Happy 10 Year Anniversary…
Today would have been our 10 year anniversary.
Ten years…double digits. A milestone that always felt so far away when we first met and somehow arrived much faster than either of us expected. We were 24 & 25 when we met then 35 & 36 when you left.
I keep thinking about all the versions of us that existed over those 10 years.
The version that met and fell in love.
The version that built a life in Texas.
The version that packed everything up and moved to Colorado.
The version that became dog parents instead of parents in the traditional sense.
The version that navigated hard seasons and beautiful ones.
The version that sat in hospital rooms and infusion centers and somehow still found reasons to laugh.
And the version of us that was supposed to grow old together.
I thought we would celebrate today differently…maybe dinner somewhere special, a weekend away, or simply takeout on the couch with the dogs and a conversation about how quickly ten years had gone by.
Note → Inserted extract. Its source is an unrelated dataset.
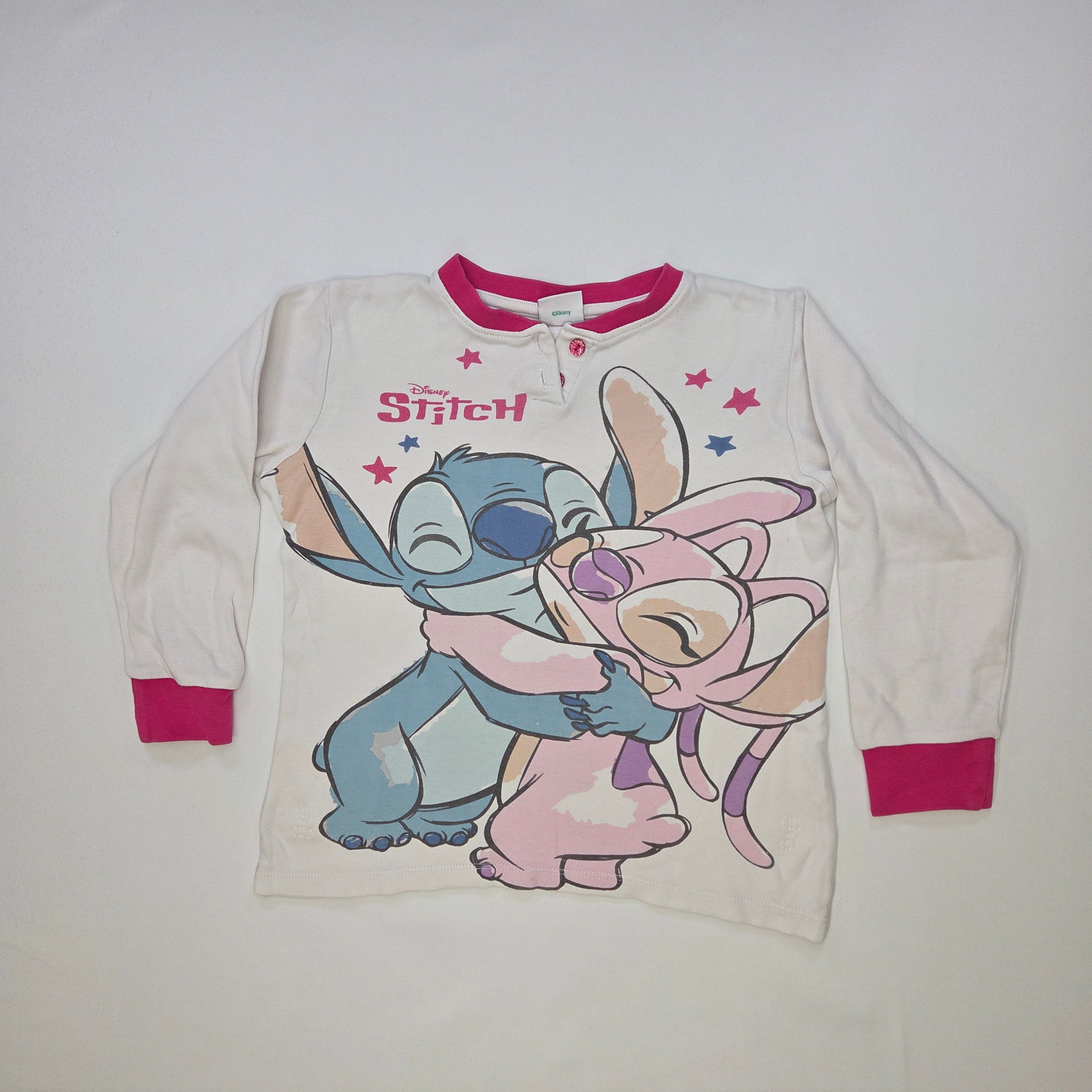 Questa affascinante maglietta a maniche lunghe di Disney è perfetta per i piccoli amanti di Stitch! Con un dolce abbraccio tra Stitch e Lilo stampato sul fronte, porta un messaggio di amicizia e affetto. Realizzata in cotone morbido, offre comfort e calore durante le fresche serate. Le maniche lunghe e il collo con bottoncini rossi aggiungono un tocco di stile giocoso, rendendola ideale per rilassarsi a casa o per una notte da sogni incantati. Nonostante sia un pezzo usato, presenta ottime condizioni, pronta per essere indossata da un piccolo fan della Disney! Un must-have per i nottambuli che amano l’avventura.

Instead, I'm sitting here trying to understand how I can simultaneously feel so grateful that I got 10 years with you and so fucking angry that we didn't get more.
People say grief is love with nowhere to go and I don't think that's 100% true.
The love still has somewhere to go…It goes into the stories I tell about you, the traditions I keep alive, every time I say your name out loud because I refuse to let the world forget you. It goes into missing you…and holy shit I miss you so much.
I miss the life we built together. I miss having someone who knew all the little details of my day without explanation. I miss our routines, our inside jokes, and all the ordinary moments that didn't feel important until they were gone. I miss being part of a "we."
Today isn't just about celebrating the 10 years we had, it's about grieving all the years we didn't get…the anniversaries we won't celebrate, the trips we won't take, the ordinary Tuesday nights we won't spend side by side. It's about mourning the future we built together in quiet conversations and shared dreams.
But even through all of that grief, one thing remains true:
I would choose you again, every single time, every version of us, every hard season and every beautiful one.
10 years was never going to be enough but loving you for those 10 years will always be the greatest privilege of my life.
Happy anniversary, Cass. I love you still and I always will.